Drivers whose trucks and SUVs are too long for angled parking spaces in downtown Bend will no longer receive warnings or tickets, and those who’ve been fined for blocking traffic will get their money back.
The city of Bend stepped up enforcement to address problems with oversize or poorly parked vehicles blocking traffic since July, when Wall and Bond streets were repaved and repainted. Since, hundreds of drivers have received warnings, and 27 were given a $50 ticket.
All of those tickets are being voided, and four drivers who paid their tickets will get refunds, according to a note City Manager Eric King sent city councilors this week.
“There was a disconnect between the intent and how it was being enforced,” he said at Wednesday’s Bend City Council meeting.
The city is temporarily suspending enforcement of the policy, but it intends to prevent parked cars from blocking travel lanes, according to King’s memo.
Drivers often have to swerve to avoid trucks extending into traffic lanes on Wall and Bond streets, according to comments from a parking study completed this summer.
The two-lane one-way streets have diagonal parking on both sides. Oregon Avenue also has diagonal parking between Bond Street and Hawthorne Avenue.
The angled stalls are a standard 19.5 feet, still a bit longer than most large SUVs or pickups. But adding a bike rack to the back of a car or truck or failing to pull all the way forward could violate the city’s suspended policy.
Suspending the policy is a good idea, said Councilor Nathan Boddie, who previously said the city shouldn’t enforce any traffic laws without making sure drivers know the rules and have clear signs.
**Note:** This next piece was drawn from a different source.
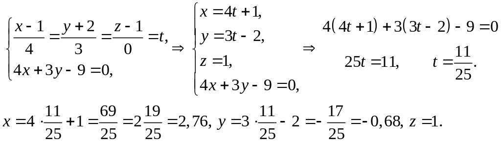 .Уравнения прямой и плоскости создают систему, решив которую получим точку пересечения прямой и плоскости

“That really was built to set people on fire,” Boddie said. “It’s not what was intended, and it’s not a good idea for how people get around Bend.”
The city clarified its downtown parking policy once since July, giving drivers a clean slate and allowing those who had been warned to receive another warning before any tickets.
The warnings and tickets discouraged customers of downtown businesses, said Rod Porsche, executive director of the Downtown Bend Business Association. He asked the city to stop warnings and tickets until it can be sure Diamond Parking, the company that enforces parking violations downtown, understands how to enforce the policy.
“We have a lot of SUVs,” Porsche said. “We have a lot of trucks in the city, and we need to be welcoming to these folks.”
Downtown business owners, many of whom work behind the counter at their shops and talk to customers, have heard a lot from customers who were confused or frustrated by the parking policy, he said.
“As a downtown organization, we welcome your large SUVs,” Porsche said. “A Chevy Avalanche should be able to park downtown.”
At 18.4 feet, a Chevrolet Avalanche would be a tight fit in angled downtown parking spaces. However, large vehicles are able to park without impeding traffic in the downtown parking garage, in parallel spots on other downtown streets and in the Mirror Pond parking lots.